> [Supplied records]
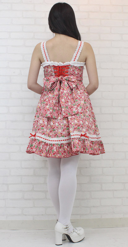 | 真っ赤なチェリー&ベリーでキュートに仕上げた、ギンガムチェックのジャンパースカート(BIG)。 たっぷりのフリルとリボンが超ラブリーなコスチューム!フロントの大きなリボンはピンで取り外し可能ですので、お好きなアレンジを楽しめます。 背面は編み上げ、バックリボンは結ぶ仕様になっています。 ※水洗い不可、塩素系漂白剤による漂白不可、アイロンは中温で当て布使用、ドライクリーニング可、色落ちの可能性があります。 ※こちらの商品は在庫の状況によりお届けまでに4日〜7日程度かかる場合がございます。 |
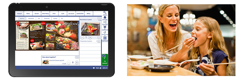 セルフオーダーシステム「FoodFronita St」の電子メニューなら、デジタル画像で料理の写真を見ながら注文することができます。鮮度や素材の魅力を表現し、つい注文したくなる商品のアピールができるので、注文数とお客様の満足度アップに貢献します。
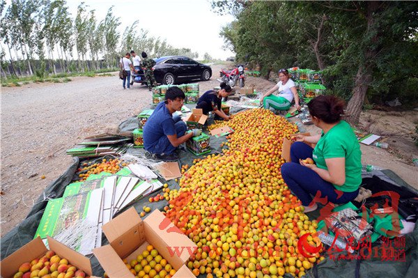 走進(jìn)周振峰的杏院子,紅彤彤的杏子已經(jīng)壓彎了枝頭,大家正在緊張采摘。在杏園外,從烏魯木齊來的客商買買提·吐爾遜也和自己的員工一起挑揀品質(zhì)較好的杏子進(jìn)行包裝。他告訴筆者,因為托克遜的杏子每年都比其他地方成熟的要早,所以他每年都要來托克遜收購杏子,每年最少收購400噸。
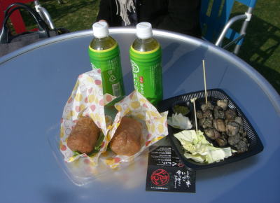 | 芝生広場には休憩兼食事場所が設けられている | 宮崎地頭鶏の炭火焼と肉巻きおにぎりを食べてみました。 |
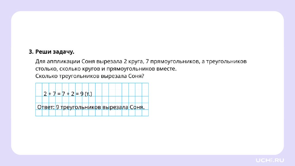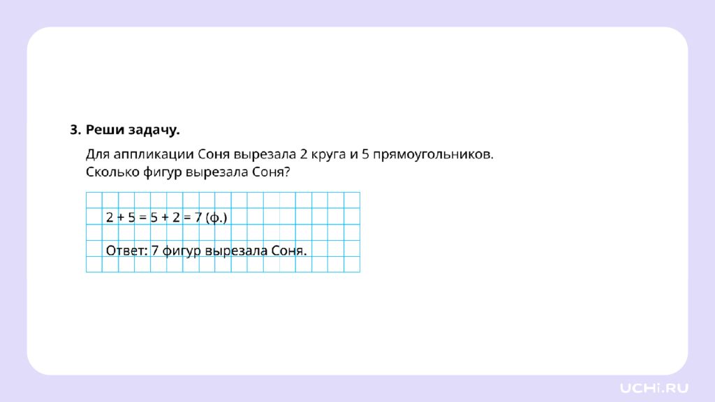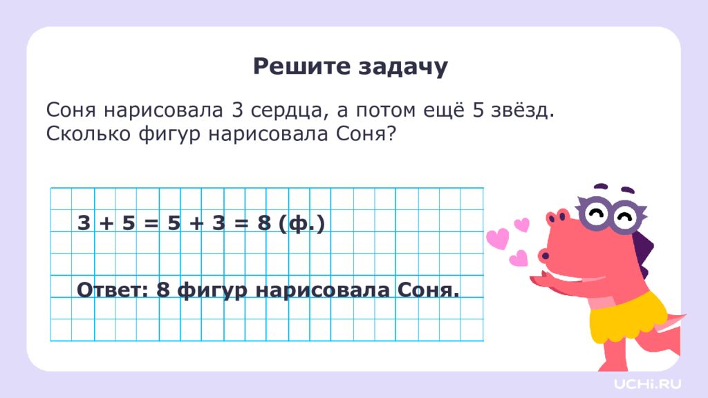 Соня нарисовала 3 сердца, а потом ещё 5 звёзд. Сколько фигур нарисовала Соня? Решите задачу 3 + 5 = 5 + 3 = 8 (ф.) Ответ: 8 фигур нарисовала Соня.
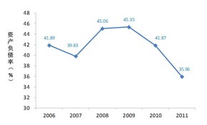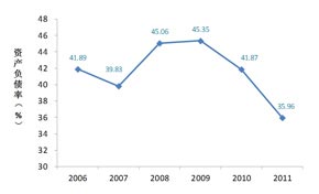 2006年至2010年,水务上市公司资产负债率表现平稳,波动不大,基本集中在40-45%的范围内,行业整体经营稳健,资产负债率水平适宜。2011年,行业资产负债率平均值为35.96%,比上年下降5.91个百分点,主要是由于新股发行或定向增发使部分公司的净资产大幅增长。
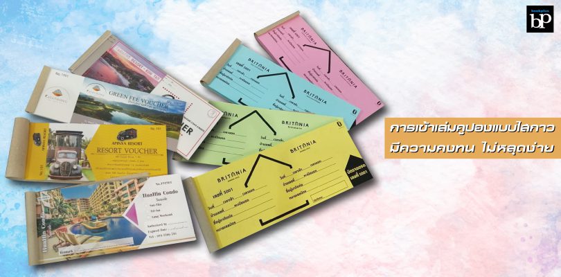 ประเภทคูปองที่นิยมเข้าเล่มแบบไสกาว : คูปองชิงโชค คูปองแทนเงินสด บัตรจอดรถ ตั๋วหรือบัตรเข้างานต่างๆ
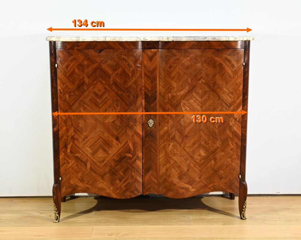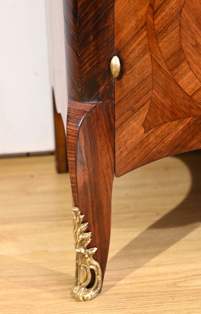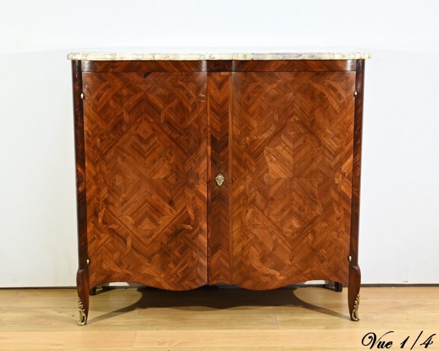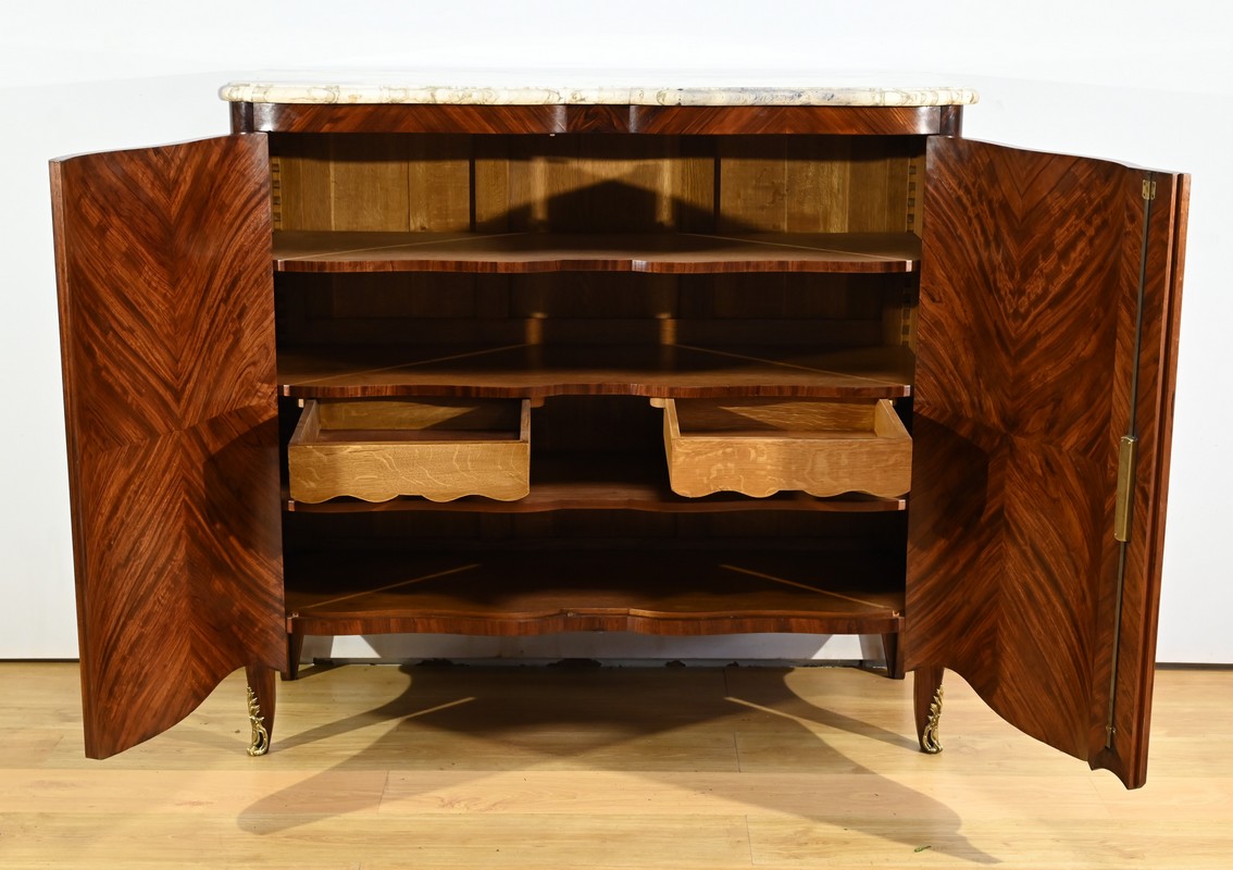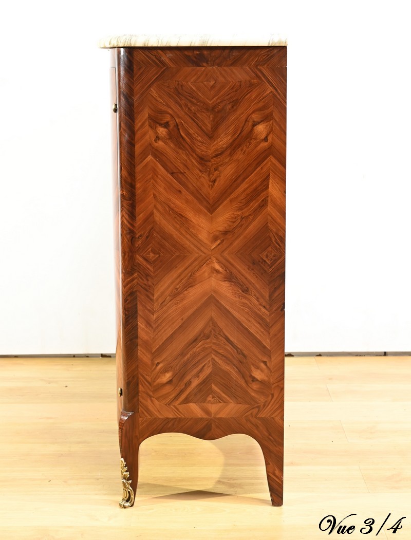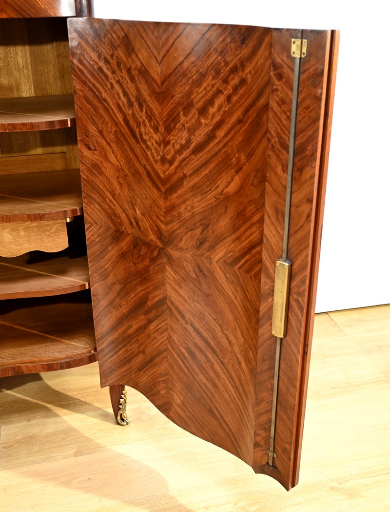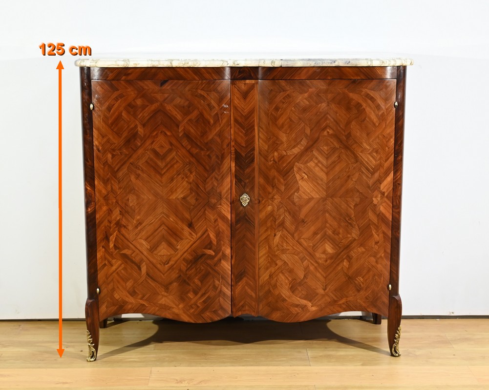 Ce meuble ouvre par deux portes, chacune est mouvementée, en placage de bois de rose et palissandre disposé en quatre-feuilles, incrustée de motifs marquetées.
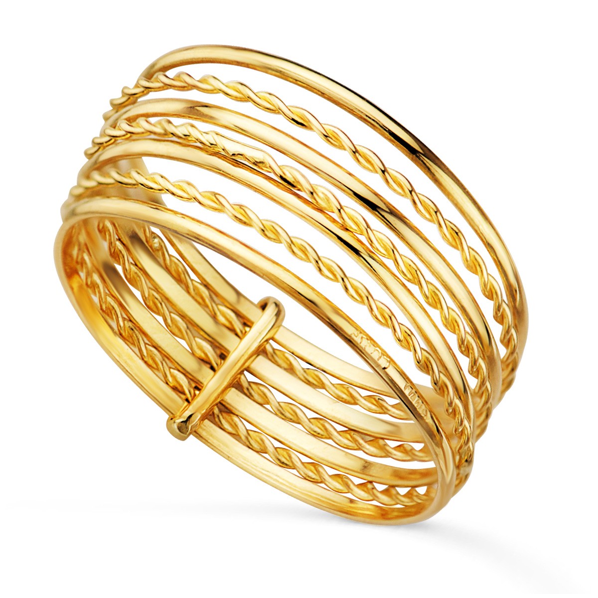 18K SORTIJA ORO AMARILLO SEMANARIO 7 HILOS LISOS Y TRENZADOS
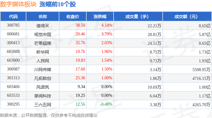 证券之星消息,9月30日数字媒体板块较上一交易日上涨1.37%,值得买领涨。当日上证指数报收于3882.78,上涨0.52%。深证成指报收于13526.51,上涨0.35%。数字媒体板块个股涨跌见下表:
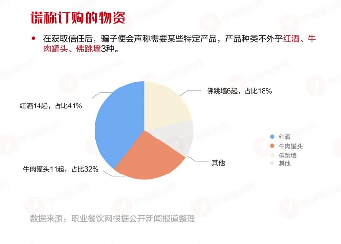 从以往的诈骗案件来看,骗子们谎称要购买的产品最多的便是“红酒”、“佛跳墙”、“牛肉罐头”这三种,都是客单价高且一般餐厅没有的产品。

> [Task instructions] Without the pictures, give every line of the data again, exactly as written.

> [Solution to this problem]
 | 真っ赤なチェリー&ベリーでキュートに仕上げた、ギンガムチェックのジャンパースカート(BIG)。 たっぷりのフリルとリボンが超ラブリーなコスチューム!フロントの大きなリボンはピンで取り外し可能ですので、お好きなアレンジを楽しめます。 背面は編み上げ、バックリボンは結ぶ仕様になっています。 ※水洗い不可、塩素系漂白剤による漂白不可、アイロンは中温で当て布使用、ドライクリーニング可、色落ちの可能性があります。 ※こちらの商品は在庫の状況によりお届けまでに4日〜7日程度かかる場合がございます。 |
 セルフオーダーシステム「FoodFronita St」の電子メニューなら、デジタル画像で料理の写真を見ながら注文することができます。鮮度や素材の魅力を表現し、つい注文したくなる商品のアピールができるので、注文数とお客様の満足度アップに貢献します。
 走進(jìn)周振峰的杏院子,紅彤彤的杏子已經(jīng)壓彎了枝頭,大家正在緊張采摘。在杏園外,從烏魯木齊來的客商買買提·吐爾遜也和自己的員工一起挑揀品質(zhì)較好的杏子進(jìn)行包裝。他告訴筆者,因為托克遜的杏子每年都比其他地方成熟的要早,所以他每年都要來托克遜收購杏子,每年最少收購400噸。
 | 芝生広場には休憩兼食事場所が設けられている | 宮崎地頭鶏の炭火焼と肉巻きおにぎりを食べてみました。 |
 Соня нарисовала 3 сердца, а потом ещё 5 звёзд. Сколько фигур нарисовала Соня? Решите задачу 3 + 5 = 5 + 3 = 8 (ф.) Ответ: 8 фигур нарисовала Соня.
 2006年至2010年,水务上市公司资产负债率表现平稳,波动不大,基本集中在40-45%的范围内,行业整体经营稳健,资产负债率水平适宜。2011年,行业资产负债率平均值为35.96%,比上年下降5.91个百分点,主要是由于新股发行或定向增发使部分公司的净资产大幅增长。
 ประเภทคูปองที่นิยมเข้าเล่มแบบไสกาว : คูปองชิงโชค คูปองแทนเงินสด บัตรจอดรถ ตั๋วหรือบัตรเข้างานต่างๆ
 Ce meuble ouvre par deux portes, chacune est mouvementée, en placage de bois de rose et palissandre disposé en quatre-feuilles, incrustée de motifs marquetées.
 18K SORTIJA ORO AMARILLO SEMANARIO 7 HILOS LISOS Y TRENZADOS
 证券之星消息,9月30日数字媒体板块较上一交易日上涨1.37%,值得买领涨。当日上证指数报收于3882.78,上涨0.52%。深证成指报收于13526.51,上涨0.35%。数字媒体板块个股涨跌见下表:
 从以往的诈骗案件来看,骗子们谎称要购买的产品最多的便是“红酒”、“佛跳墙”、“牛肉罐头”这三种,都是客单价高且一般餐厅没有的产品。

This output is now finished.